Information shown:

┏━━

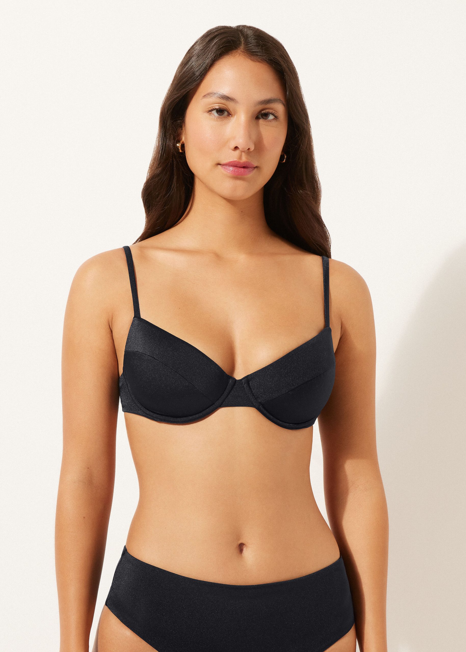 Push-up bikini top with lightly padded cups and underwire, designed to offer volume and a chic and refined appeal. Made from a bright fabric, it features an elegant bustier effect on the back, embellished by a sophisticated crossing of strings that exalt its sensual design. The adjustable shoulder straps and string tie fastening on the back offer a personalized fit, perfect for an elegant and modern summer look.
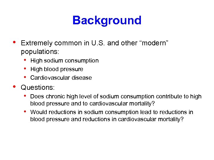 Background • Extremely common in U. S. and other “modern” populations: • • High sodium consumption High blood pressure Cardiovascular disease Questions: • • Does chronic high level of sodium consumption contribute to high blood pressure and to cardiovascular mortality? Would reductions in sodium consumption lead to reductions in blood pressure and reductions in cardiovascular mortality?
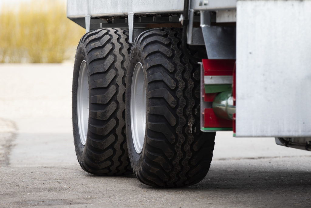 Wij bieden twee typen wielen aan voor onze wagen. Het eerste type wiel (10.0/75×15.3) wordt standaard op de wagen gemonteerd. Het tweede type wiel is de Vredestein flotation+ (te zien op de foto) . Met deze wielen wordt er een groter draagoppervlak gecreëerd wat zorgt voor beter verdeelde belasting op de ondergrond. De achterste as van de wagen is breder. Hiermee wordt spoorvorming voorkomen. Met de Vredestein Flotation banden kan de achterste band omgedraaid worden waardoor de wielen in lijn komen.
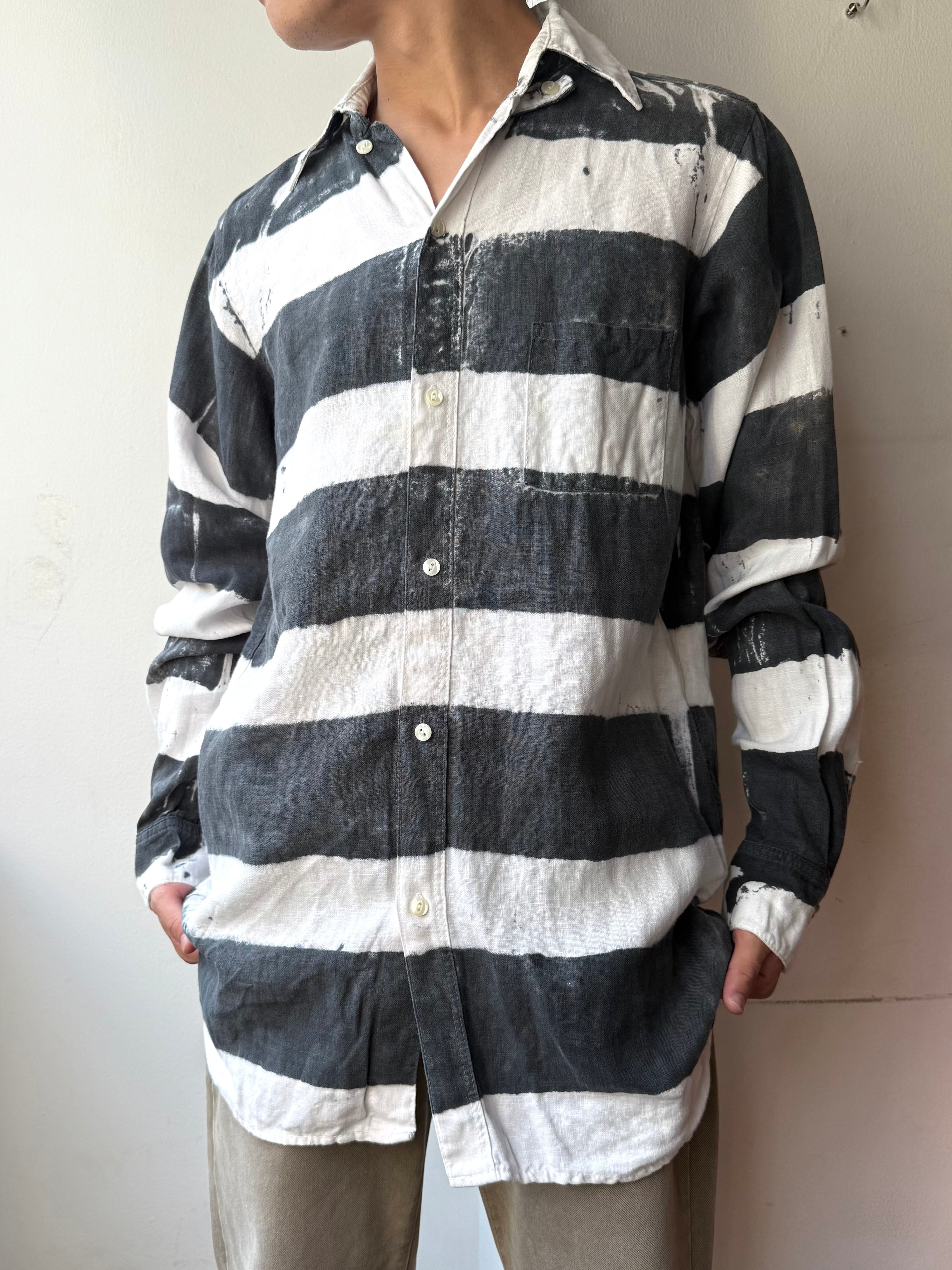 Open collar Loop collar Chin strap Border Shirt / オープンカラー ループカラー チンスト ボーダー柄 長袖 シャツ | TOMOSHIBI USED&VINTAGE CLOTHING

┗━━

Task item: Extract every line of the data exactly; pictures stay out.

Problem solution:
 Push-up bikini top with lightly padded cups and underwire, designed to offer volume and a chic and refined appeal. Made from a bright fabric, it features an elegant bustier effect on the back, embellished by a sophisticated crossing of strings that exalt its sensual design. The adjustable shoulder straps and string tie fastening on the back offer a personalized fit, perfect for an elegant and modern summer look.
 Background • Extremely common in U. S. and other “modern” populations: • • High sodium consumption High blood pressure Cardiovascular disease Questions: • • Does chronic high level of sodium consumption contribute to high blood pressure and to cardiovascular mortality? Would reductions in sodium consumption lead to reductions in blood pressure and reductions in cardiovascular mortality?
 Wij bieden twee typen wielen aan voor onze wagen. Het eerste type wiel (10.0/75×15.3) wordt standaard op de wagen gemonteerd. Het tweede type wiel is de Vredestein flotation+ (te zien op de foto) . Met deze wielen wordt er een groter draagoppervlak gecreëerd wat zorgt voor beter verdeelde belasting op de ondergrond. De achterste as van de wagen is breder. Hiermee wordt spoorvorming voorkomen. Met de Vredestein Flotation banden kan de achterste band omgedraaid worden waardoor de wielen in lijn komen.
 Open collar Loop collar Chin strap Border Shirt / オープンカラー ループカラー チンスト ボーダー柄 長袖 シャツ | TOMOSHIBI USED&VINTAGE CLOTHING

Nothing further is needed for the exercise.